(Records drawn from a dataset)

# # # # #

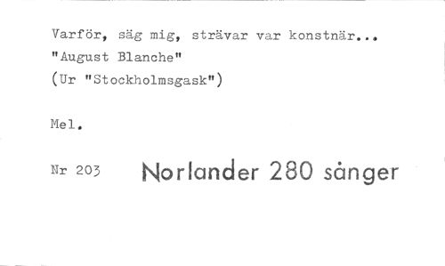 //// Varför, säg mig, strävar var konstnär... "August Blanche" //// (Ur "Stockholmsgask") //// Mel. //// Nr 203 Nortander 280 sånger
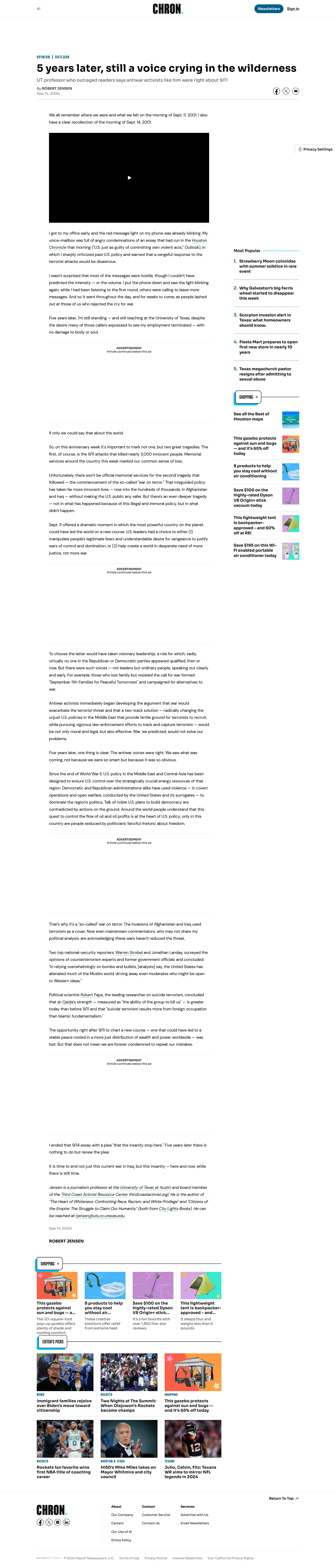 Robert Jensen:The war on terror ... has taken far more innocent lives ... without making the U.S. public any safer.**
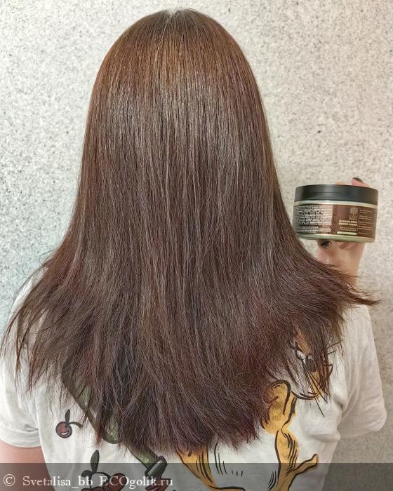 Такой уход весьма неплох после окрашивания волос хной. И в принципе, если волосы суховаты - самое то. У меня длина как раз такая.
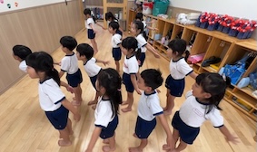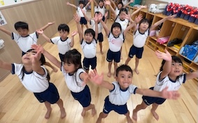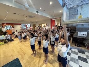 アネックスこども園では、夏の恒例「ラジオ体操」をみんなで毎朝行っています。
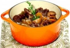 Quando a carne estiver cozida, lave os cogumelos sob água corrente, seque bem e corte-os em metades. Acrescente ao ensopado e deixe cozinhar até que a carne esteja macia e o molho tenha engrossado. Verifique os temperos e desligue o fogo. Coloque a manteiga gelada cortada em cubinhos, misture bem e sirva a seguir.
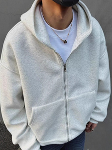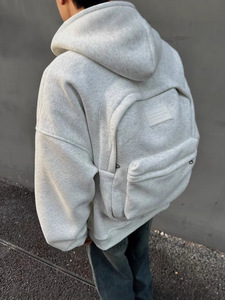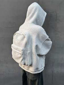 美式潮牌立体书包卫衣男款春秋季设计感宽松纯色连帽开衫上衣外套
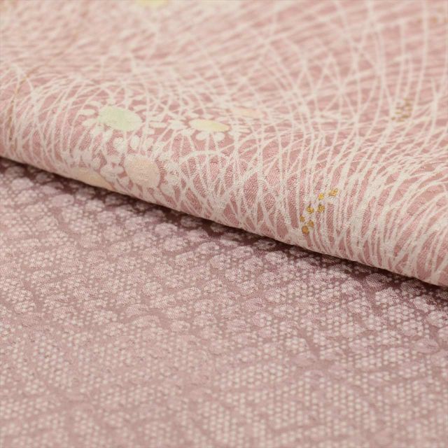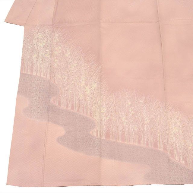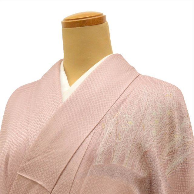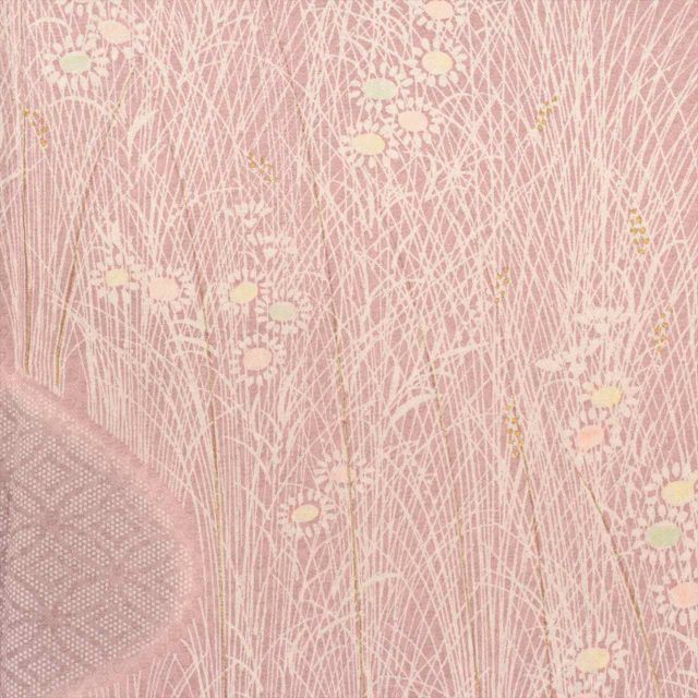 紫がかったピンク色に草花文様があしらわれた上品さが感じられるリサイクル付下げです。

# # # # #

Work instructions: With the images excluded, all entries are to be given again exactly.

Written solution:
 //// Varför, säg mig, strävar var konstnär... "August Blanche" //// (Ur "Stockholmsgask") //// Mel. //// Nr 203 Nortander 280 sånger
 Robert Jensen:The war on terror ... has taken far more innocent lives ... without making the U.S. public any safer.**
 Такой уход весьма неплох после окрашивания волос хной. И в принципе, если волосы суховаты - самое то. У меня длина как раз такая.
 アネックスこども園では、夏の恒例「ラジオ体操」をみんなで毎朝行っています。
 Quando a carne estiver cozida, lave os cogumelos sob água corrente, seque bem e corte-os em metades. Acrescente ao ensopado e deixe cozinhar até que a carne esteja macia e o molho tenha engrossado. Verifique os temperos e desligue o fogo. Coloque a manteiga gelada cortada em cubinhos, misture bem e sirva a seguir.
 美式潮牌立体书包卫衣男款春秋季设计感宽松纯色连帽开衫上衣外套
 紫がかったピンク色に草花文様があしらわれた上品さが感じられるリサイクル付下げです。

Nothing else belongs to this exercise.